Why Guillermo Del Toro Sucks, or: My Entry For the 2012 Hater’s Ball

Home » Film » Why Guillermo Del Toro Sucks, or: My Entry For the 2012 Hater’s Ball

on Nov 14, 12 • by • with No Comments

This is where I shit on a filmmaker you probably love.

If it isn’t one thing, it’s another. I really can’t accurately articulate how tired I am of Guillermo Del Toro.

I know, I know… what a horrible thing to say… but really… what’s the big deal with him anyway? As a matter of immediate full disclosure I’ll go ahead and admit that I (still) haven’t seen Pan’s Labyrinth, but I was going to omit that film out of my consideration regardless, as it’s a unanimously-praised motion picture that many believe should have won Best Foreign Language Film. So, okay… while I haven’t seen Pan’s Labyrinth I’m sure it’s a good film. One reason I’m sure it’s a good film is because Del Toro doesn’t seem to take anything seriously unless it’s in his native tongue. He comes off as the type of guy who would rather set up an academy for up-and-coming Mexican filmmakers than make films himself. He’s often spoke about how relatively rare prominent Mexican filmmakers are, and how he justifiably wants to change that. Off the top of my head I can cite Del Toro, Alfonso Cuarón, and the legendary Alejandro González Iñárritu as the only prominent Mexican filmmakers working today. But I’m not going to get into a cultural monologue here. Sure, it’s kind of odd that the Mexican film industry doesn’t produce an abundance of good filmmakers (but if you’ve ever watched Mexican television you can probably tell that the industry as a whole isn’t terribly concerned with being good).

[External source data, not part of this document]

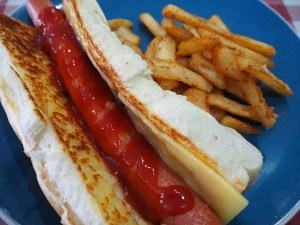 We enjoyed a ‘Hound Dog’ hot dog with melted cheese and sauce served with beer battered fries. A pretty standard hot dog with a nicely toasted bun and well cooked fries.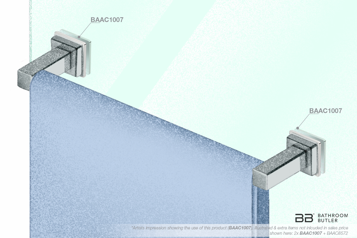 Glass shower doors and enclosures are especially popular and stylish; Bathroom Butler offers designers and homeowners the perfect opportunity to be creative by installing their bathroom accessories onto glass showers with our unique glass mounting brackets. These are also ideal for smaller bathrooms that are limited on wall space. This glass mounting allows for a bathroom accessory to be installed on the one side while on the other there is a blanking disc. It is important to remember that it is best to drill the 8mm hole in the glass before toughening.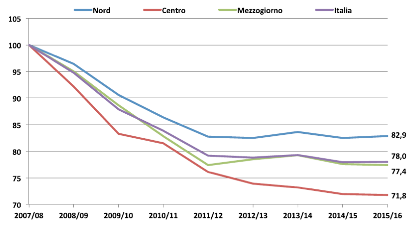 Tutto questo ha un riflesso sull’offerta didattica. I corsi sono diminuiti: dai 5.879 del 2007/2008 a 4586 del 2015/2016: un taglio del 22%. Più accentuato al Centro (-28%) e al Sud (-23%) che al Nord (-17%).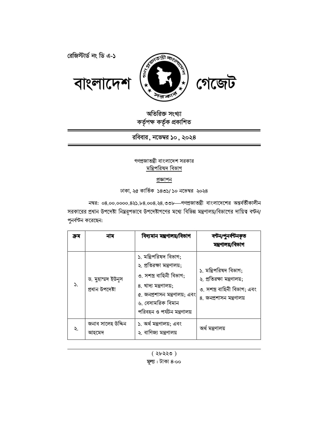 - প্রধান উপদেষ্টা ড. মুহাম্মদ ইউনূস-১. মন্ত্রিপরিষদ বিভাগ; ২. প্রতিরক্ষা মন্ত্রণালয়; ৩. সশস্ত্র বাহিনী বিভাগ; ৪. শিক্ষা মন্ত্রণালয়; ৫. সড়ক পরিবহন ও সেতু মন্ত্রণালয়; ৬. খাদ্য মন্ত্রণালয়; ৭. গৃহায়ণ ও গণপূর্ত মন্ত্রণালয়; ৮. ভূমি মন্ত্রণালয়; ৯. বস্ত্র ও পাট মন্ত্রণালয়; ১০. কৃষি মন্ত্রণালয়; ১১. বিজ্ঞান ও প্রযুক্তি মন্ত্রণালয়; ১২. রেলপথ মন্ত্রণালয়; ১৩. জনপ্রশাসন মন্ত্রণালয়; ১৪. বিদ্যুৎ, জ্বালানি ও খনিজ সম্পদ মন্ত্রণালয়; ১৫. নৌ-পরিবহন মন্ত্রণালয়; ১৬. পানি সম্পদ মন্ত্রণালয়; ১৭. মহিলা ও শিশু বিষয়ক মন্ত্রণালয়; ১৮. দুর্যোগ ব্যবস্থাপনা ও ত্রাণ মন্ত্রণালয়; ১৯. তথ্য ও সম্প্রচার মন্ত্রণালয়; ২০. প্রবাসী কল্যাণ ও বৈদেশিক কর্মসংস্থান মন্ত্রণালয়; ২১. বাণিজ্য মন্ত্রণালয়; ২২. শ্রম ও কর্মসংস্থান মন্ত্রণালয়; ২৩. সংস্কৃতি বিষয়ক মন্ত্রণালয়; ২৪. বেসামরিক বিমান পরিবহন ও পর্যটন মন্ত্রণালয়; ২৫. মুক্তিযুদ্ধ বিষয়ক মন্ত্রণালয়; ২৬. পার্বত্য চট্টগ্রাম বিষয়ক মন্ত্রণালয়; ২৭. প্রাথমিক ও গণশিক্ষা মন্ত্রণালয়

What I’m tired of is how many people far too often take for granted the idea that Del Toro is some grand filmmaker. What I’m even more tired of is hearing about him doing some new project, because he rarely ever sees something through as a director.

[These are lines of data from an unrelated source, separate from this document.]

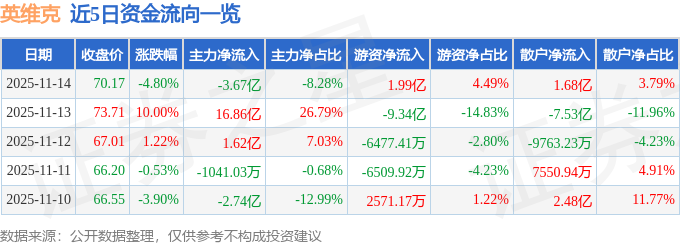 证券之星消息,截至2025年11月14日收盘,英维克(002837)报收于70.17元,下跌4.8%,换手率7.36%,成交量62.54万手,成交额44.32亿元。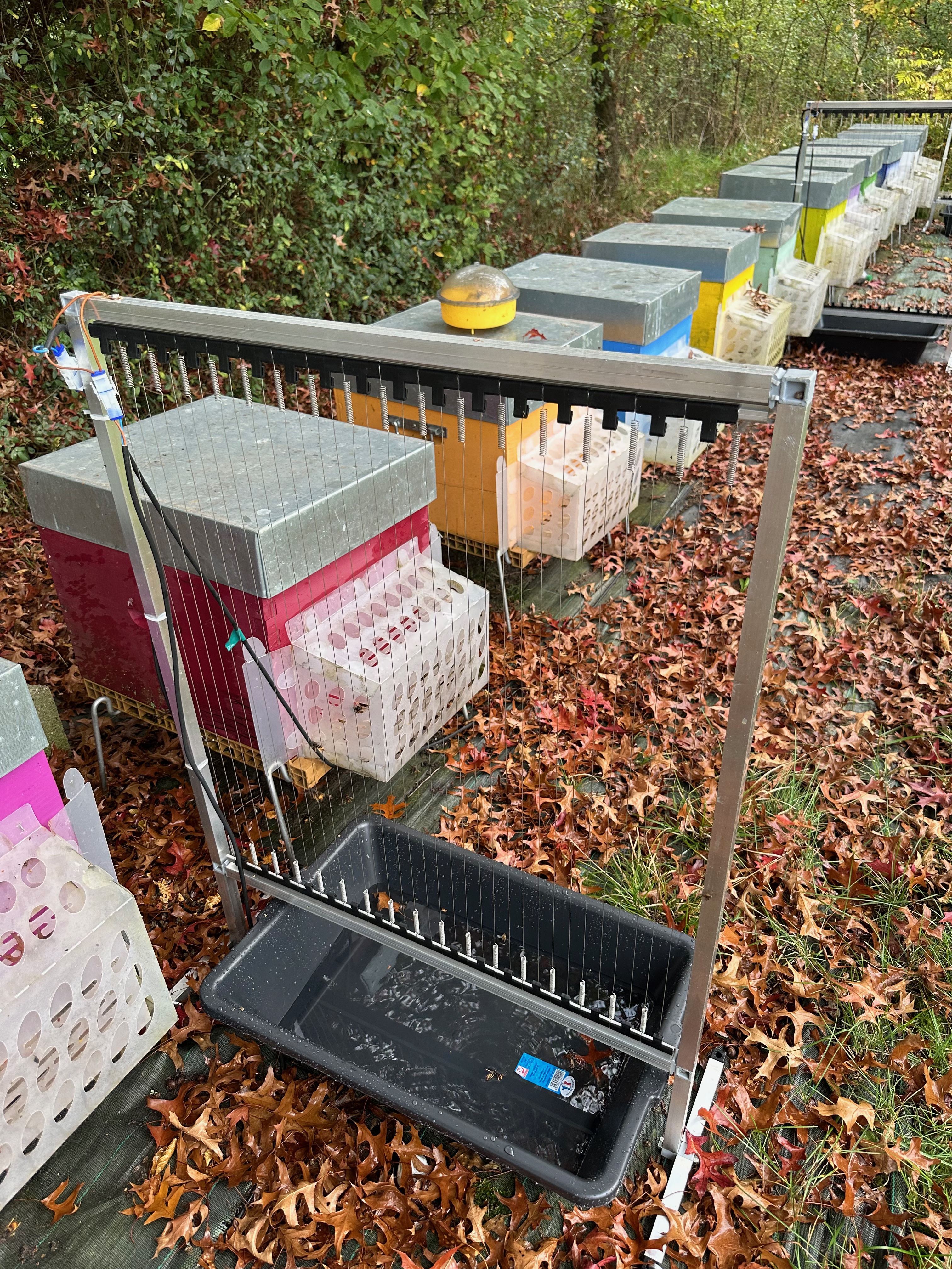 Pus tard dans la saison, il est absolument indispensable de protéger les ruches en installant des muselières et des harpes électriques, les premières pour réduire le stress des abeilles et leur permettre ainsi de sortir et ramener de la nourriture à la colonie, les secondes pour limiter le nombre de frelons.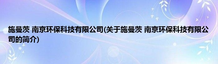 本文关于施曼茨 南京环保科技有限公司的简介就讲解完毕,希望对大家有所帮助。

On the issue of talent or mastery of craft Del Toro is very good at make-up and costumes, but I kind of don’t really give a shit about make-up and costumes. No one buys a movie ticket to see the make-up and costumes. Hellboy is alright, but only as far as the idea of a Hellboy movie goes—which is to say that the only cool thing about it was that no one had ever made a Hellboy movie before. The actual film itself isn’t anything to write home about, other than the fact that Ron Perlman as any kind superhero is kind of cool. But, that’s another thing… I stopped using “cool” to defend a movie’s credibility when I was 12 years old.

“It’s cool” just doesn’t work for me anymore, and all that Del Toro’s Hellboy films do is flaunt make-up and costumes and a sort of lazy nerd fad of just flocking to anything that hawks a certain brand. Nowadays you can put out complete shit; just make sure to stuff a couple of zombies in the mix and nerds will fork over their money as if it isn’t completely moronic for them to do so. Hellboy deals with, well… Hell… and the occult. For lack of a better, more apt description, Hellboy (the comic book) was an “alternative” title in the 1990’s. It was something that had it been published by DC it would have been published under the Vertigo imprint (like John Constantine, the blonde bisexual demon hunter not ready for prime time).

Del Toro’s early career consists of some short films, a couple of gothic horrors, and the Mira Sorvino horror vehicle Mimic. It was after Mimic that Del Toro would catch his break. The film was Blade II, and it sucked.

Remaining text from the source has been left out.